Botanical bartending

There’s nothing new about bartenders using herbs. But no one does it quite like Chris Conatser of Justus Drugstore.

That’s why a handful of Kansas City’s bartenders—many of them members of the KC Bartenders’ Guild, a newly formed chapter of the U.S. Bartenders’ Guild—trekked up to Paradise, Mo., earlier this week for Conatser’s take on the herbal anatomy of a drink.

Chris Conatser of Justus Drugstore with a selection of the house-made bitters, tinctures, infusions and other concoctions that have made the bar’s cocktail list one of the most intriguing in the country.

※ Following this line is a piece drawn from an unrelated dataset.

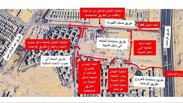 أولًا: للقادم من طريق الواحات: الدخول عبر شارع الكهرباء سيكون (اتجاه واحد فقط للدخول) وعند الوصول لمنطقة المناورة بعد الطريق المستحدث، يمكن للسائق الاختيار بين استكمال المسار حتى طريق “عبد السلام أمين” أو الاتجاه يسارًا للدخول لمنطقة “جنوب الأحياء وأبو الوفا”.

We met in the garden, which surrounds the home of Jonathan Justus and Camille Eklof, just down the road from their restaurant in Smithville, Mo. It’s an informal thing, with sinuous beds curving through what was once an empty, grassy lot and a scattering of raised stone-and-brick planters built by Justus.

Pretty enough, to be sure, but what grows here is clearly essential to the restaurant. Raspberries, lettuce, arugula (both wild and domestic), figs, cardoons (a wild artichoke variety), parsley, a native spice bush, lambs quarters, the rare-ish maple-leaf goosefoot, peaches… it all makes its way onto the plate and into the glass.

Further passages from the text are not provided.